The 2026 crypto roadmap: Interest rates, Fed leadership, and global regulation
Once somewhat of a crypto sceptic, with an apparent preference for the US dollar, Trump’s 2024 election campaign pledges to make the United States of America the ‘crypto capital’ of the planet were understandably viewed as a massive win for the industry, both from a regulatory and legitimacy standpoint.
Coupled with the idea that lower interest rates were coming, there was ample reason for crypto markets to rally in 2025. This optimism, however, not only became priced in but was also overshadowed by other macroeconomic forces that later in the year boosted market uncertainty, hurting crypto prices.
While sands are shifting on how the mainstream views crypto, most still perceive it as a speculative asset class that offers the potential for high rewards, though not without risk. As a result, cryptocurrencies remain at the forefront of risk assets and are often among the first to be liquidated in times of economic uncertainty.
Looking ahead to 2026, the key drivers remain unchanged, with the potential for lower US interest rates and the future of regulation still in focus.
The former goes double when considering Jerome Powell’s tenure as chair of the Federal Reserve, which is due to come to an end in 2026, with Trump looking to suggest a replacement perhaps more sympathetic to Trump’s vocal demands for lower interest rates¹.
As such, monetary policy from the Federal Reserve is likely to be as closely watched as ever in 2026, especially for digital assets, which have, in some capacity, historically benefited from lower interest rates, with the US dollar becoming comparatively less attractive to hold and borrowing costs are reduced.
As for regulation, the debate has shifted considerably from this time last year. Previous discussions over whether Bitcoin is a commodity have now given way to discussions of how the SEC and the Commodity Futures Trading Commission (CFTC) will share oversight duties, with Bitcoin categorised as a ‘digital commodity’ in the United States some years ago.

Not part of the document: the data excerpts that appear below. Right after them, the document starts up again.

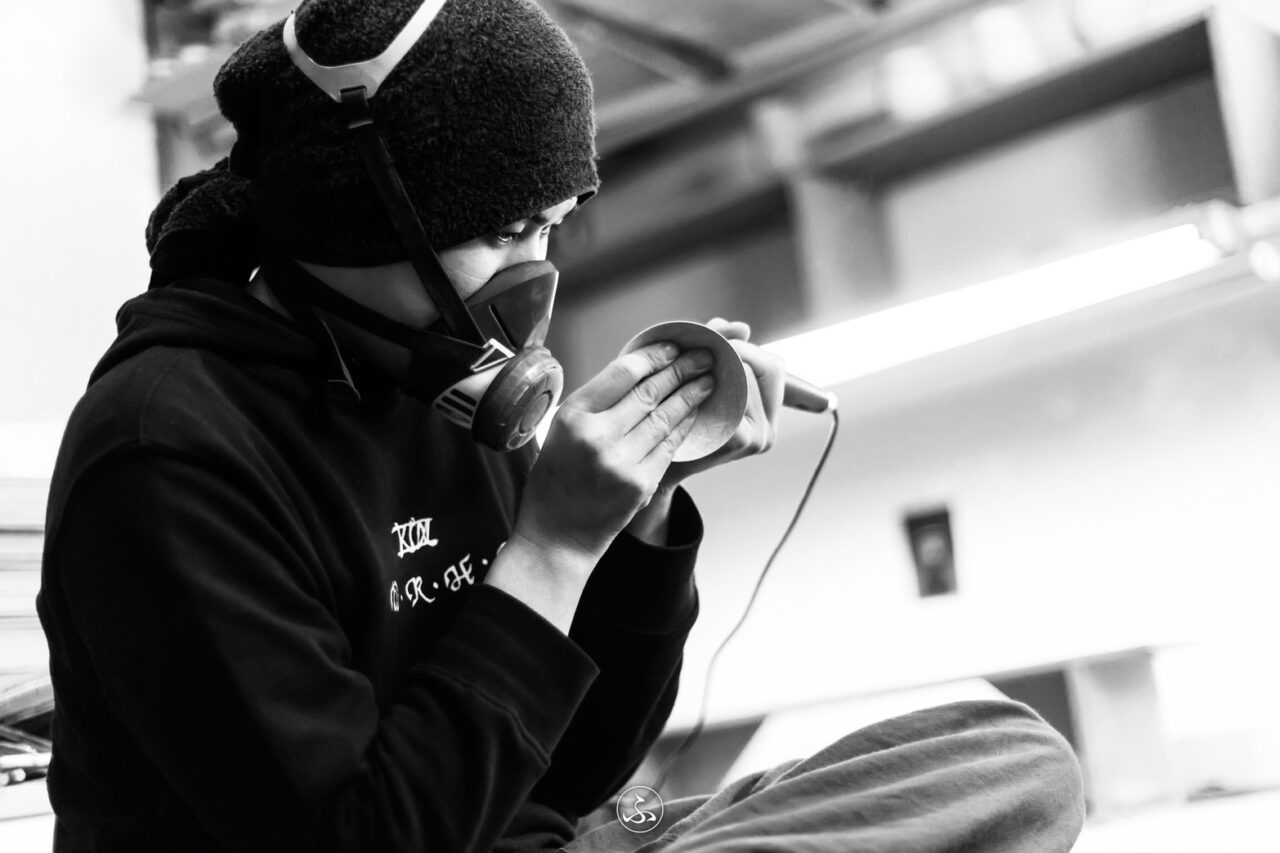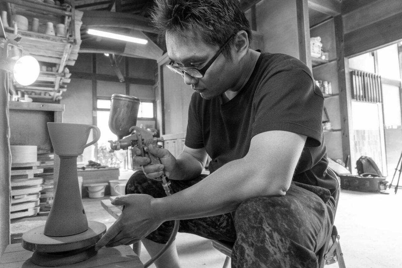 作品的主題在擁有京都的自然文化和風雅香氣優美和溫柔的土地上,要想從無到有創造作品,我使用自然界的「岩石、土、水、火」,並注入「心」與「氣」,使用自己調配的釉藥,以「深海的遺跡」為主題進行創作。當我製作餐具等作品時,特別重視與周圍事物的和諧,希望能創作出貼近生活的作品。
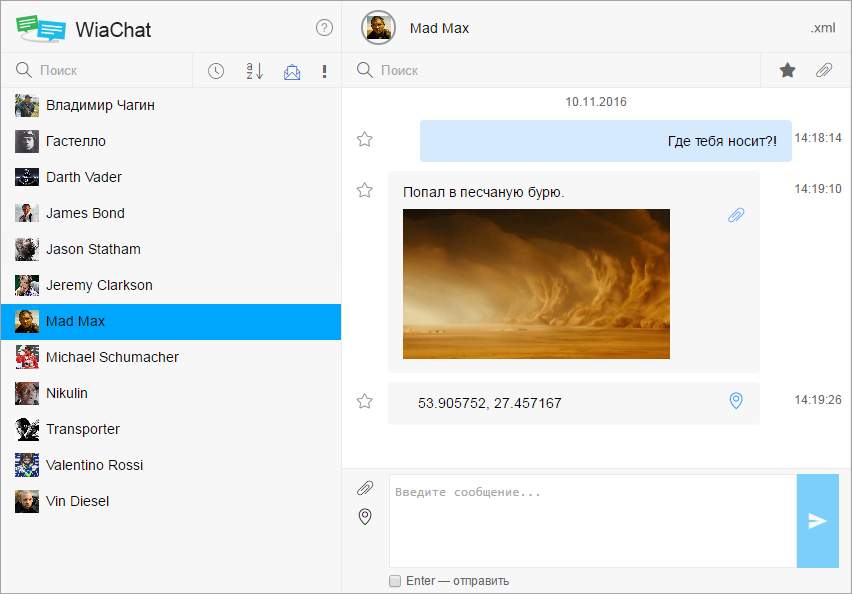В правой панели располагается чат и поле ввода сообщений. Текстовое сообщение можно дополнить файлом или местоположением (адрес или координаты). Щелкните по иконке в форме скрепки, в системном диалоге выберите необходимые файлы и нажмите ОК. Кроме того, файлы можно перетащить мышкой из папки в диалоговое окно чата. Для прикрепления местоположения щелкните по иконке в форме метки, выберите необходимое место на карте и нажмите Прикрепить.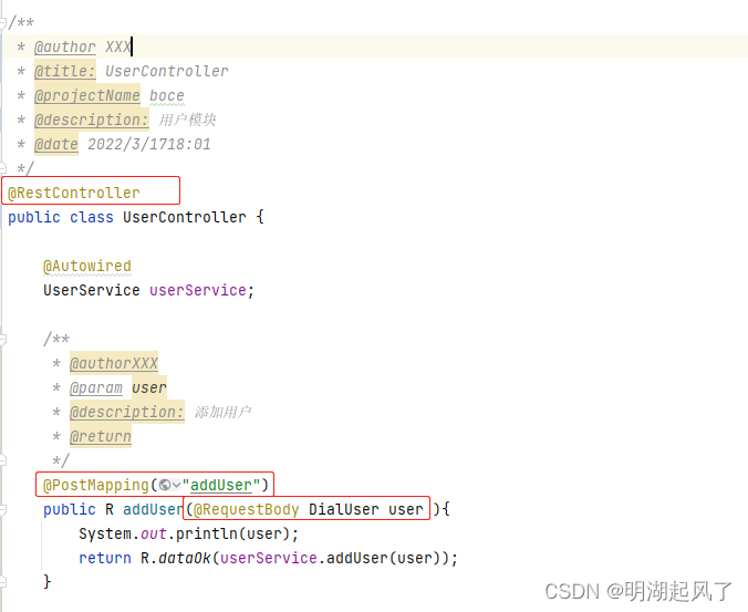 其次,前端使用post方法请求,参数为对象时,后台接收方法上,需要添加注解: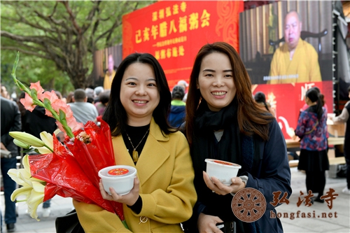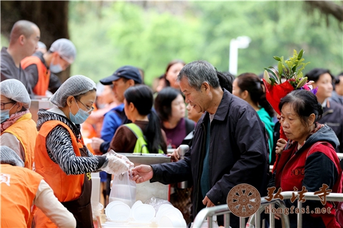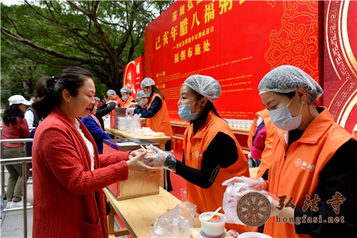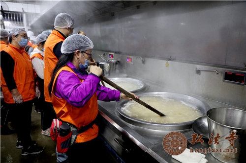 上午7时许,现场开始派发腊八福粥,大家满怀喜悦,感受腊八粥的吉祥和圆满。中午时分,腊八福粥一度供不应求,为保证每一个人都能吃到这一年一度的腊八福粥,弘法寺斋堂继续加班加点熬粥,普施数万份腊八福粥,以满足信众的需求。

It’s worth noting, however, that while President Trump and other public figures like Elon Musk have significantly raised the profile of cryptocurrency worldwide, regulatory changes are not exclusive to the United States.
Much like their North American counterpart, the narrative has shifted from "if" these assets should be regulated to "how" they can be integrated into the existing financial fabric, especially in Europe, with the full implementation of the Markets in Crypto-Assets (MiCA) regulation in early 2026.
With recent years showing unprecedented progress in adoption, legitimacy, and interest in cryptocurrency markets, 2026 presents an interesting opportunity for digital assets.
This article and its contents are intended for educational purposes only and should not be considered trading advice.